JAKARTA, Titik Kumpul – Asosiasi Pelaku Industri Tembakau menyatakan penolakannya terhadap pengesahan Peraturan Pemerintah (PP) Nomor 28 Tahun 2024 tentang Kepatuhan Terhadap Aturan UU Kesehatan 17 Tahun 2023.
Undang-undang tersebut, misalnya, mengatur larangan penjualan tembakau dan rokok elektrik dalam jarak 200 meter dari sekolah atau taman bermain anak, serta larangan memasang iklan di pintu masuk dan keluar.
Sebab dapat mengancam industri tembakau khususnya Usaha Mikro, Kecil, dan Menengah (UMKM). Mari kita terus menganalisis keseluruhan cerita di bawah ini.
Sekretaris Asosiasi Personal Vaper Indonesia (APVI) Garindra Kartasasmita menyayangkan pelarangan penjualan rokok elektrik dalam jarak 200 meter dari sekolah dan taman bermain anak karena tidak mempertimbangkan masa depan pengusaha kecil.
Penerapan undang-undang ini akan sulit dilakukan di daerah pedesaan yang terdapat banyak lembaga pendidikan dan lembaga olah raga dan letaknya berdekatan.
Belum lagi, banyak pemilik toko rokok elektrik yang menyewa tempatnya selama tiga tahun sebelum PP Nomor 28 Tahun 2024 disahkan.
“Kami memahami perlindungan yang ingin diberikan pemerintah kepada anak, kami juga mendukungnya. Namun, jangan korbankan usaha kecil. Banyak ide yang bisa kita tawarkan jika diberi kesempatan,” jelas Garindra, Minggu 11 Agustus 2024.
“Kita tidak boleh mengadopsi undang-undang untuk menyelesaikan satu masalah dengan menimbulkan masalah lain. “Undang-undang tersebut harus disahkan secara hati-hati dengan mendengarkan para ahli,” katanya.
Garindra juga menekankan pentingnya peran seluruh pemangku kepentingan dalam pengambilan kebijakan sebelum diterapkan di masyarakat.
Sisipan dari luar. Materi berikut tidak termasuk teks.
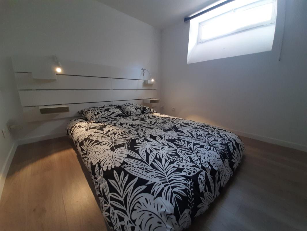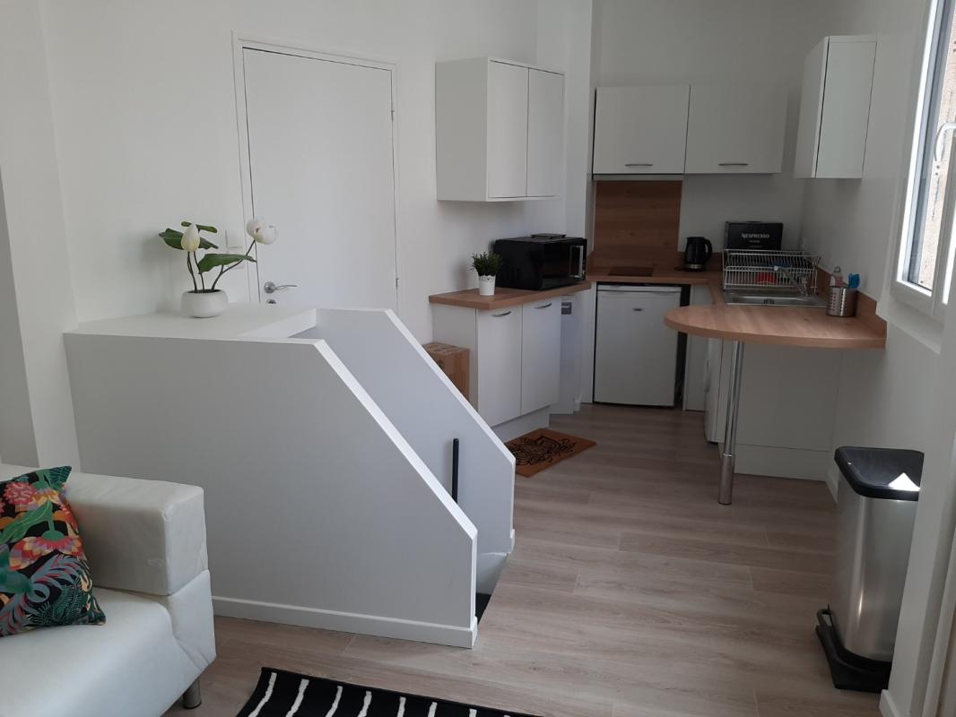 A louer, un charmant studio MEUBLE en souplex comprenant une pièce de vie avec un coin cuisine aménagée et équipée et une salle d'eau. Au niveau inférieur, une chambre. Logement entièrement équipé.
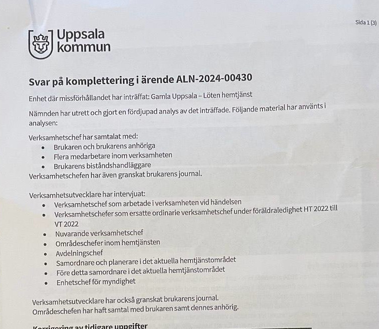 I internutredningen, som Samnytt delvis fått ta del av, konstateras att det under hösten 2023 och våren 2024 arbetade omkring hundra personer inom hemtjänsten Gamla Uppsala – Löten.
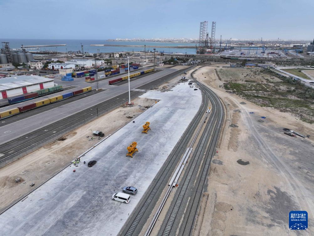 这是8月5日在哈萨克斯坦阿克套港拍摄的阿克套港集装箱枢纽一期工程建设场景(无人机照片)。新华社记者 李任滋 摄

“APVI siap ikut serta dalam pencegahan penjualan tembakau kepada anak di bawah umur, tinggal undang-undang yang jelas dan kuat. Sehingga undang-undang yang disahkan tidak akan menimbulkan masalah lain,” ujarnya.
Ketua Asosiasi Retail Vape Indonesia (ARVINDO) Pachmi Kurnia sempat menyayangkan adanya larangan penjualan rokok elektrik dalam jarak 200 meter.
“Kami merasa berada dalam banyak masalah, bukan hanya sebagai pelaku bisnis yang menjual vape, namun sebagai pengusaha yang menghasilkan banyak uang dengan menjual tembakau.” “Banyak toko dan toko vape yang didirikan sebelum ada sekolah dan taman bermain,” ujarnya.
Sebagai seorang industrialis, Pak Pachma mengatakan bahwa implementasi kebijakan pemerintah harus difokuskan pada perlindungan kesehatan masyarakat dan mendukung usaha kecil dan menengah.
Oleh karena itu, tidak ada pihak yang dirugikan.
“Kuncinya adalah melibatkan pelaku industri terlebih dahulu. Kebijakan apa pun yang bisa diambil harus melindungi pelaku UMKM. Regulasi yang disusun secara matang dan diterapkan dalam waktu singkat akan merugikan pelaku UMKM yang membutuhkan waktu lebih lama dibandingkan pelaku UMKM besar. Perusahaan akan berubah karena masalah keuangan dan karena sumber daya lainnya.
Fach melanjutkan, organisasi dunia usaha juga selalu mendukung kebijakan pemerintah untuk menurunkan prevalensi merokok. Namun kehadiran PP Kesehatan justru memperkecil kedudukan produk tembakau lainnya karena produk tersebut mendukung rokok.
Pemerintah melihat obat ini sebagai cara untuk mengurangi risiko penyakit yang berhubungan dengan merokok.
Jika pemerintah ingin mengurangi jumlah perokok dan mengurangi bahaya tembakau, Pachmi berharap pemerintah berupaya memberikan pendidikan komprehensif tentang tembakau yang berbasis ilmu pengetahuan.
Faktanya, jalan untuk berhenti merokok sepenuhnya sulit diikuti oleh perokok berat.
“Sekarang pemerintah perlu mencoba cara baru untuk mengajak perokok berusia lanjut mencari cara lain yang risikonya lebih kecil,” kata Fachmi.